PromptVisionAI is an intelligent image processing agent that combines the power of Large Language Models (LLMs) with state-of-the-art computer vision models to perform complex visual tasks through natural language instructions.
- Object Detection with Grounding DINO
- Instance Segmentation with Segment Anything Model (SAM)
- Image Inpainting/Editing with Stable Diffusion XL
- OCR for text extraction from images
- Image Captioning with Florence2 for understanding image content
- Black & White Conversion for simple image transformations
- Context-aware processing that maintains conversation history
- Chained operations automatically triggered by the LLM agent
The agent architecture dynamically chains tools together based on user requests:
The LLM agent serves as the orchestrator, determining which tools to use and in what sequence based on the user's natural language request. This allows for complex workflows to be executed through simple conversational instructions.
The agent uses Grounding DINO for zero-shot object detection based on text prompts.
Model: Grounding DINO Base
- Architecture: Transformer-based zero-shot detection model
- Framework: HuggingFace Transformers
- Model Path:
tools/grounding_dino/grounding_dino_base
Model Description
Grounding DINO Base is a moderately heavy model (~1.2 GB) that offers excellent accuracy for zero-shot object-detection tasks. It leverages pretrained weights from the DINO (DIstillation with NO labels) framework, trained on a mixture of Object365, GoldG and COCO datasets. The model excels at locating objects described by natural-language prompts without category-specific training, achieving 56.7 % AP on COCO validation data.
Performance Metrics
- mAP (COCO val2017): 56.7 % [Grounding DINO v0.1.0-alpha2 release]

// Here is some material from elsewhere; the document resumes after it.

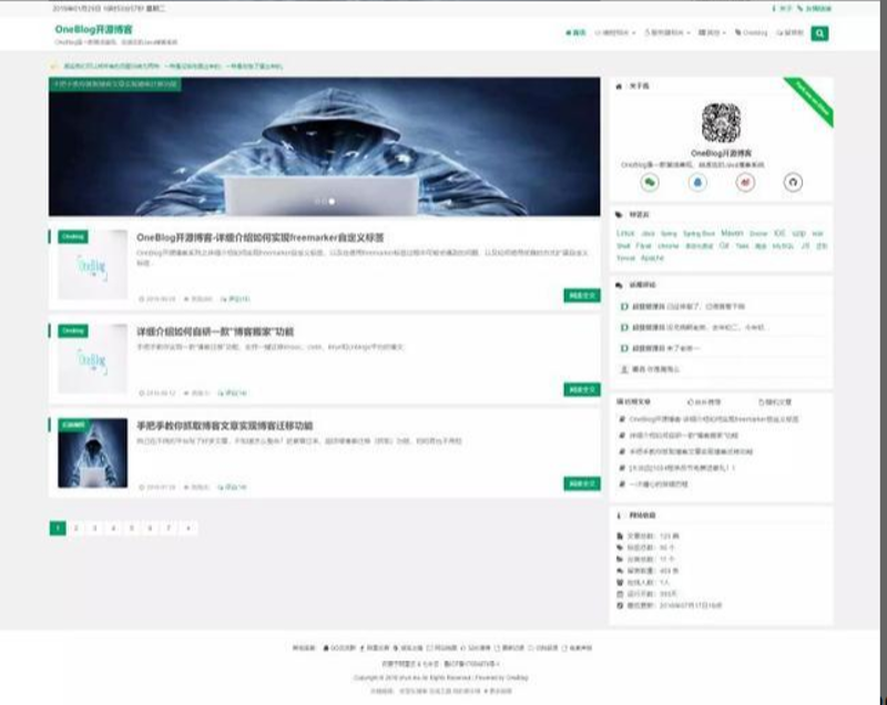 项目简介:OneBlog 一个简洁美观、功能强大并且自适应的 Java 博客。使用 springboot 开发,前端使用 Bootstrap。支持移动端自适应,配有完备的前台和后台管理功能。

Why We Selected This Model
Grounding DINO was chosen over detectors such as DETR, YOLOv8 or Faster R-CNN because of its ability to perform zero-shot detection from text alone. Our system must answer arbitrary user requests, so a fixed-class model like YOLOv8 (80 categories) would require continual re-training. Grounding DINO can interpret and locate virtually any object described in plain language with state-of-the-art accuracy, giving us the flexibility we need while keeping fine-tuning requirements to a minimum.
Technical Implementation:
-
Preprocessing:
- Input image is loaded, converted to RGB format
- Text prompts are formatted as nested lists for model input
- Inputs are processed using a specialized
AutoProcessorfrom Transformers
-
Detection Process:
- Tokenized inputs pass through the model architecture
- Grounding DINO performs object-text alignment and localization
- A post-processing step applies threshold filtering (box_threshold=0.45, text_threshold=0.3)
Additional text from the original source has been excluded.